Visual Servoing-based Navigation for Monitoring Row-Crop Fields
This addresses the problem of cost-effective and efficient navigation for precision agriculture robots, though it is incremental as it builds on existing visual servoing methods tailored to row-crop structures.
The paper tackles autonomous navigation for field robots in row-crop agriculture by proposing a visual servoing framework that uses only on-board cameras, eliminating the need for RTK-GPS or explicit localization, and demonstrates accurate row-following and seamless row-switching in simulations and on an actual robot at frame-rate.
Autonomous navigation is a pre-requisite for field robots to carry out precision agriculture tasks. Typically, a robot has to navigate through a whole crop field several times during a season for monitoring the plants, for applying agrochemicals, or for performing targeted intervention actions. In this paper, we propose a framework tailored for navigation in row-crop fields by exploiting the regular crop-row structure present in the fields. Our approach uses only the images from on-board cameras without the need for performing explicit localization or maintaining a map of the field and thus can operate without expensive RTK-GPS solutions often used in agriculture automation systems.
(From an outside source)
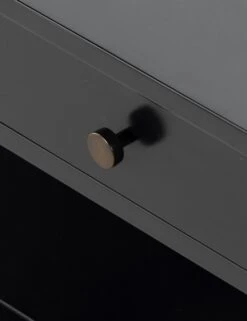 Blending sleek style with industrial undertones, this black-finished iron coffee table casts a clean, spare silhouette with bronzed hardware for modern appeal. Two drawers and a lower shelf offer a practical touch to this middle table design.

Our navigation approach allows the robot to follow the crop-rows accurately and handles the switch to the next row seamlessly within the same framework. We implemented our approach using C++ and ROS and thoroughly tested it in several simulated environments with different shapes and sizes of field. We also demonstrated the system running at frame-rate on an actual robot operating on a test row-crop field. The code and data have been published.